他的记忆力特别好,看过的东西不说过目不忘,也可以记好久。
这照片他在过往档案上看过,叫姜确。
他看了一眼名字,确实姓姜名确。
他还记得,就是这位同事的妻子,是他们异调局请的唯一一名外援。
那姜清慈拿来的邀请函,可能就是这位同事的。
只是,已经二十多年前的东西了,姜清慈怎么会有?
他没有姜清慈那种一眼就能将人看透的本事,只看着这工作证上的姓氏,还有照片反复看。
不知道是不是心理作用,似乎……越看越有相似。
“这是我爸爸。”
姜清慈说。
“我妈妈叫应问星,这是我今天回姜家才拿到的。”
还有一张照片,她也掏出来给赵局看。
赵局一眼看到了上面的那名女性,和姜清慈长得八分相像。
而旁边的男人是姜确没错,和档案上的照片并无差别。
姜清慈是姜确的女儿,是他们异调局的二代。
这份发现非但没让赵局高兴,反而一颗心整个沉了下来。
“他们确实是在异调局工作过吗?”
姜清慈问。
赵局看着她,艰难的开口:“是。

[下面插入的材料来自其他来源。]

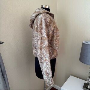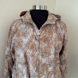 Ellen Tracy Linda Allard Paisley Patterned Jacket Wool Blend Zip Front With Hood
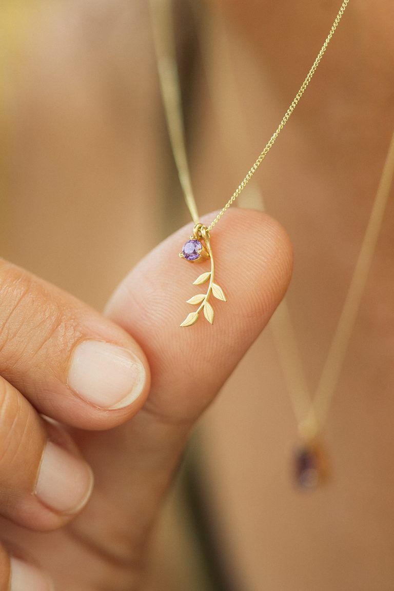 Discover the Gold Necklace with branch charms with leaves and Amethyst 2mm, a jewel that combines the sophistication of gold with the vibrant beauty of amethyst. This necklace is perfect for those looking for a complement that brings a touch of color and elegance to their style.
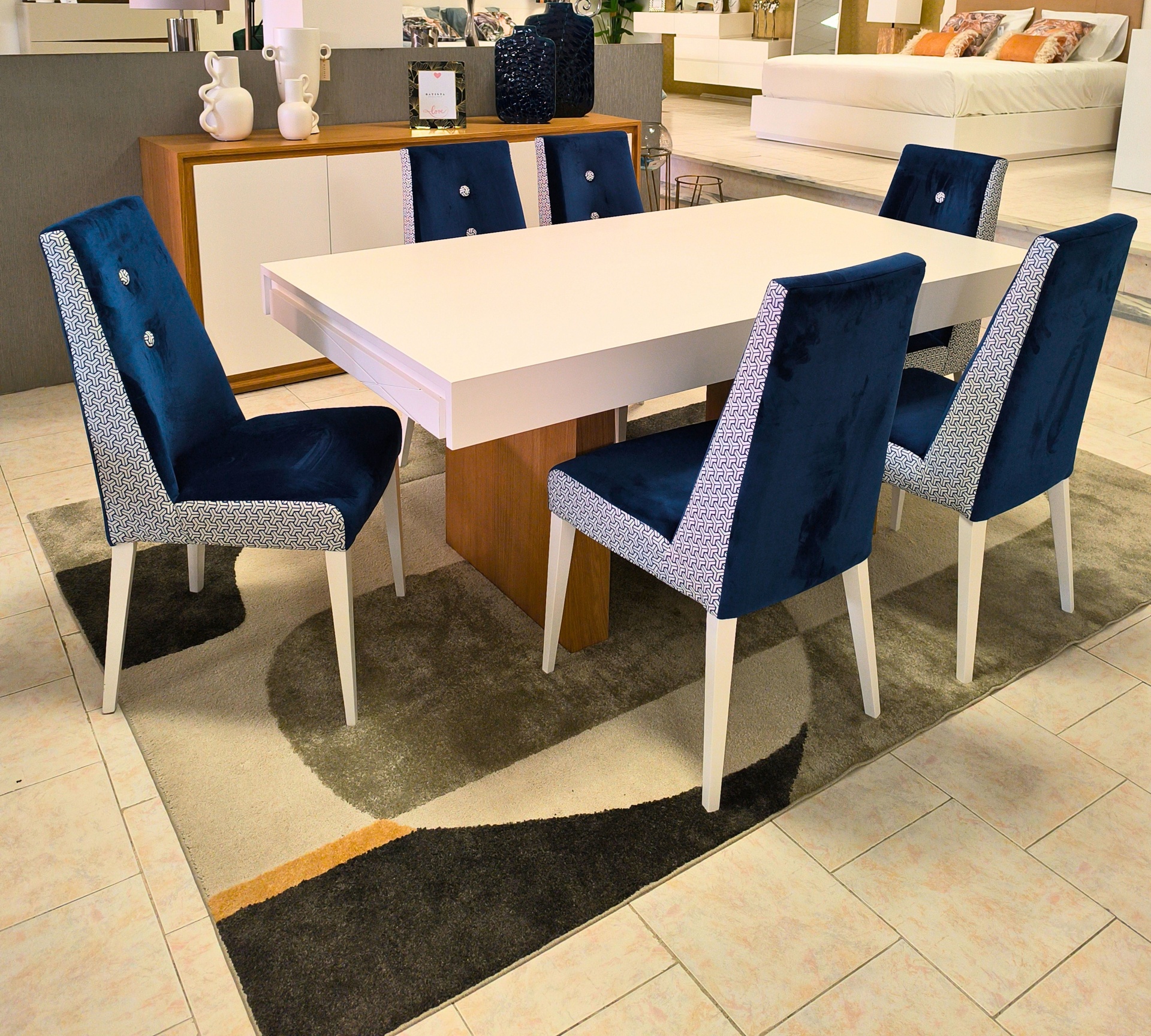 Conjunto de 6 cadeiras Veneceia, com estrutura em madeira maciça, pé em branco mate e conjugação de 2 tecidos, um liso e outro com padrão nas laterais e em 2 botões na costa.

”
“你知道关于他们的什么事情吗?”
姜清慈继续问。
赵局沉默了一瞬起身,“你跟我来。”
他将姜清慈带到档案室,找到了姜确的档案袋。
“照片是一样的,你看一下。”
他将档案袋拆开,翻开第一页给姜清慈看。
姜清慈接过来翻看,档案上的照片也戴着金丝眼镜,沉静斯文的男人和全家福上那张没什么差别。
档案上生日身高学历什么都很清楚,后面简单的写了一些他的工作经历,以及到异调局之后的重大工作记录。
只有三页,姜清慈很快就看到了最后一行——
2002年1月5日,与家属应问星一同参加玄门大会,未归。